Sources used in this tutorial:
- MODIS MOD13Q1 NDVI (250m, 16-day): NASA/ORNL DAAC
- gridMET daily climate (4km): University of Idaho Climatology Lab
- Census TIGER AIANNH boundaries: US Census Bureau
- What: 16-day composite NDVI at 250m resolution
- Source: NASA ORNL DAAC MODIS Web Service
- URL: https://modis.ornl.gov/rst/api/v1/
- No account required for point time series queries
- Citation: Didan, K. (2021). MODIS/Terra Vegetation Indices 16-Day L3 Global 250m SIN Grid V061. NASA EOSDIS Land Processes DAAC. doi:10.5067/MODIS/MOD13Q1.061
- Used in: Notebooks 02–06
- What: Daily 4km gridded temperature, precipitation, and fire weather variables
- Source: University of Idaho Climatology Lab via OPeNDAP
- URL: https://www.climatologylab.org/gridmet.html
- No account required
- Citation: Abatzoglou, J.T. (2013). Development of gridded surface meteorological data for ecological applications and modelling. International Journal of Climatology. doi:10.1002/joc.3413
- Used in: Notebooks 04–06
- What: American Indian/Alaska Native/Native Hawaiian Areas boundaries
- Source: US Census Bureau TIGER/Line Shapefiles (2023 vintage)
- URL: https://www.census.gov/cgi-bin/geo/shapefiles/index.php
- No account required
- Citation: US Census Bureau, TIGER/Line Shapefiles (2023).
- Governance note: Census-defined boundaries are for statistical purposes only. They do not represent legal jurisdiction or Tribal self-definition.
- Used in: Notebooks 02–08
All data in this tutorial describes Indigenous lands and environments. The frameworks that guide responsible use are:
- OCAP®: https://fnigc.ca/ocap-training/
- CARE Principles: https://www.gida-global.org/care
- FAIR Principles: https://www.go-fair.org/fair-principles/
- IEEE 2890-2025: https://standards.ieee.org/ieee/2890/10318/
See docs/data_sovereignty.md for full discussion.

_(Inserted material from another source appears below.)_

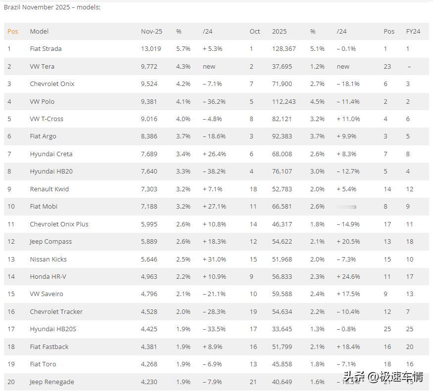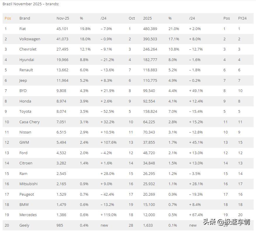 11月,巴西车市,中国品牌销量详情! 前言:大家好,这里是极速车情。今天为大家带来巴西汽车市场11月的销量数据报告。 11月,巴西车市下滑,头部品牌纷纷下滑。比亚迪、奇瑞、长城代表的中国品牌成为增长主力,特别是长城11月表现抢眼,创造多项自身记录。中国品牌在巴西市场加速渗透,几大车企本土化生产功不可没。 2025年11月,巴西新车销量同比下滑5.2%,至228,119辆。 2025年1-11月,巴西累计销量同比增长2.1%,至2,283,818辆。 中国品牌表现: 比亚迪(+21.9%):9808辆,第7名,市占率4.3%。 奇瑞(+32.2%):7051辆,第10名,市占率3.1%。 长城(+107.6%):5494辆,市占率2.4%。 吉利:985辆。 奇瑞Omoda:648辆。 奇瑞Jaecoo:564辆。 广汽:540辆。 福田:129辆。 江淮:96辆。 腾势:23辆。 极氪:21辆。 零跑:16辆。

Each notebook is self-contained and includes:
- A conceptual introduction (no code required)
- Step-by-step code cells with detailed comments
- Discussion questions for the classroom
- A "Going Further" section pointing to more advanced resources
Recommended sequence: notebooks 00–06 in order, then 07 as an optional advanced session, then 08 as a capstone project.
Estimated time: 2–3 hours per notebook for a classroom session, or self-paced.
This work is part of a broader effort to build earth data science capacity at Tribal colleges and universities.
Data governance frameworks referenced: OCAP®, CARE Principles, FAIR Principles, IEEE 2890-2025.